Suicide Reduction Target Needed Rates Spike Across Australia

By Stephanie Acevedo

The number of suicide rates in Australia has risen across the country, resulting in calls for federal government action to prevent self-harm and deaths.

Lifeline chairman John Brogden has asked the Morrison government to set a national target for suicide reduction following spiking rates in 2017 to curb the increase in deaths.

According to the Australian Bureau of statistics, 3,138 Australians took their own life in 2017, representing 262 more deaths than the previous year.

“Suicide in Australia is increasing at the same time as deaths from most physical illnesses are decreasing,” Mr Brogden said.

He called for dramatic efforts to reduce suicides in the next five years.

“We should say as a nation we want zero suicides with a target to reduce suicide in Australia by 25 per cent,” he said.

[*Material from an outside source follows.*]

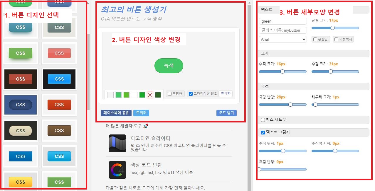 버튼 디자인 선택과 조정이 끝난 후에는 중간 라인에 있는 코드생성 버튼을 클릭하시면 오른쪽 칸에 버튼 디자인 세부선택란에 버튼의 코드가 생성됩니다.

The Australian Bureau of Statistics had also reported the health conditions people were experiencing at the time of their suicide, with depression, anxiety and stress the most common factors.

Drugs and alcohol use disorders were also common.

Mr Brogden suggested the country could use Scotland as an example in suicide prevention.

In 2002, the Scottish government set a target to reduce suicide by 20 per cent in 10 years, resulting in a reduction of 17 per cent.

The number of suicides in 2015 was also the lowest it had been since 1974.

The Federal Government said steps were being taken to curb suicide including the allocation of $36 million to suicide prevention projects.

Federal government mental health expenditure is expected to reach $4.6 billion this year.

Health minister Greg Hunt said suicide remained a “national tragedy”.

“One life lost to suicide is one too many,” he said.

A spokeswoman for the minister said Australia had a national target of zero suicides.

“(It’s) the only acceptable target,” she said.